We've lost that collective sensibility, or we never truly had it — and if you want to take pride in being an American, you shouldn't be able to do that without recognizing the shame of how we've collectively handled this crisis.
In America, where the scourge of Communism was ingrained in everyone starting in the middle of the last century, using words like "collective" might cause some to bristle. Throughout the miserable four years of Donald Trump's presidency, we had him and all of his supporters blindly, ignorantly chanting about "freedom" and "the Constitution," all while embracing a fascist view of how government ought to work.
Now, you have those same supporters and the most ardent vaccine doubters equating vaccine mandates with fascism — ignoring what a fascist Trump was as president and still dreams to be again, because, again, everyone seems to have their own definition. Vaccine mandates and passports are like the Holocaust, as the popular right-wing thinking goes — and as another poster from yesterday's protest said, "The Jews had special passports too."
Republicans have long been the party of the individual, of "small government" and "no handouts," so maybe it shouldn't be surprising that the collective good of public health measures is something they despise.
But let's be clear: It is fascist to want to rule with an iron fist, destroy the checks and balances of representative democracy to get your way, and to dictate that certain groups of people are superior to other people and deserving of punishment.
It is morally good and just to want to protect public health, and to slow or prevent the spread of a disease at the expense of some freedoms. I am willing to wear a mask and show my vaccine card at the door of a bar in order keep a red-state voter's mother or grandmother from dying. They are not willing to do the same for me. That doesn't sound like justice.
Now that we've screwed the pooch on squelching COVID-19, and we'll likely have to get annual COVID shots with our flu shots from now until who knows when, the discussions will be different.
Maybe next year there will be periods of time and places where masks are less necessary, but until more vaccine skeptics go get shots, it could be a while before it's truly safe to go to many places around this country, which are likely to keep seeing the "pandemic of the unvaccinated" arrive in waves, over and over.
Oral pills that tamp down COVID if you get it will help, and maybe once we have those this will be less scary, and masks can come off, and the protests can stop.

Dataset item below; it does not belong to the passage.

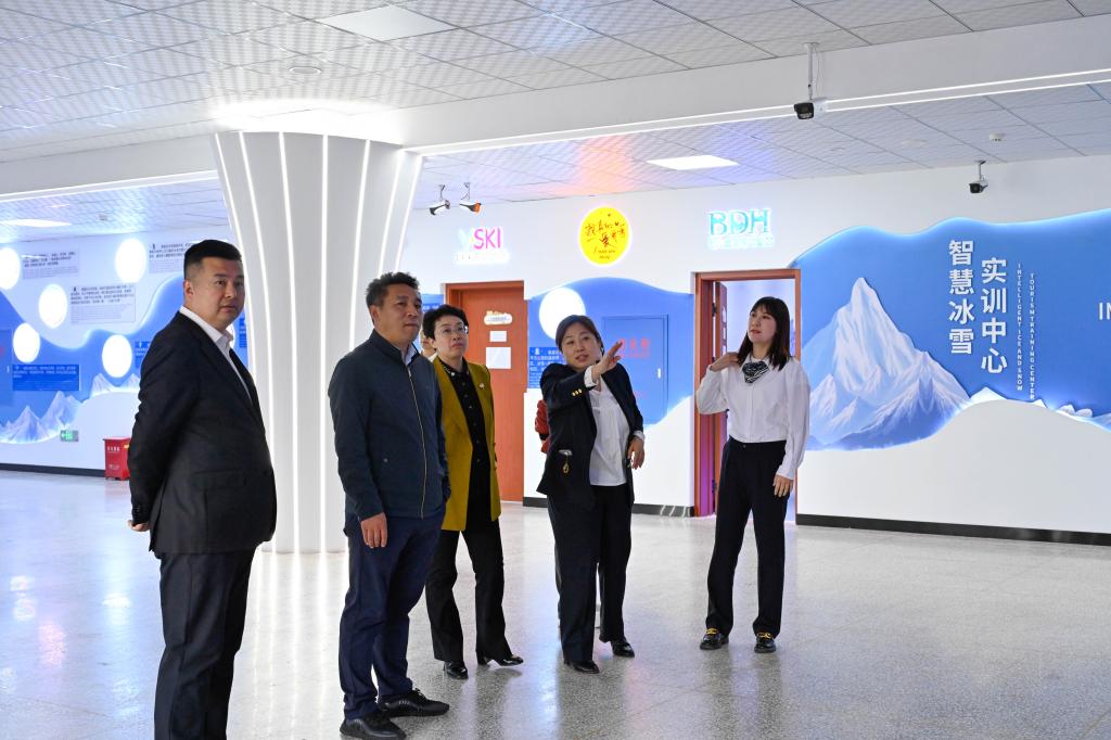 调研组实地走访学校智慧工业网络技术实训基地、校史馆、铸牢馆、智能制造技术实训基地及智慧冰雪实训中心,深入考察学校在电子信息、智能制造、冰雪文旅、人工智能等领域的教学实践与技术创新成果。宋国轩对学校紧密对接产业需求、打造特色实训平台的做法表示高度认可,并强调职业教育在服务区域经济发展中的重要作用。
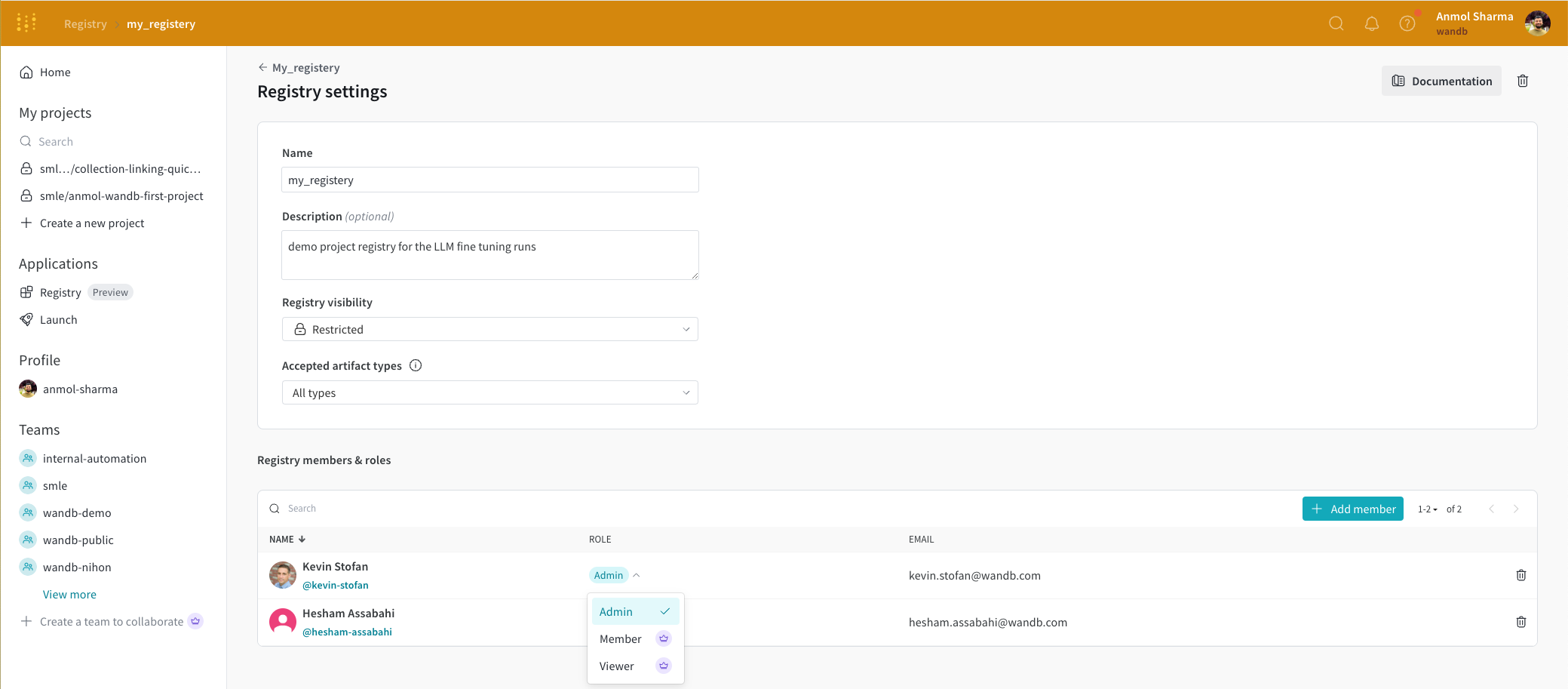 移行後、モデルレジストリは組織レベルの公開範囲を持つようになります。レジストリへのアクセスを制限するには、役割の割り当て を行うことができます。これにより、特定のメンバーのみが特定のレジストリにアクセスできるようにするのに役立ちます。

But if we have another public health crisis in the not-too-distant future, I can promise you that the denials and the rejection of public health advice will happen even quicker, and perhaps with disastrous effect.
There was talk earlier this year about how Europe was going to get through the vaccination process better than America would because there's more of a sense of collective duty there — because WWII and blah blah. But European countries have had their own fuckups with the vaccine rollout and their own large pockets of anti-vaxxers so they're having a horrible new wave of the virus now, especially in Germany. So maybe their sense of collective duty is already disappearing with the generation that this pandemic is killing off in droves.
Does it take a war or a terrorist attack to give Americans a sense of collective duty? Or is it all just conflated with nationalistic, supremacist bullshit now, and the only thing most Americans can agree on is that they should never be told by the government to do anything. No matter what. Even in a war, or a pandemic.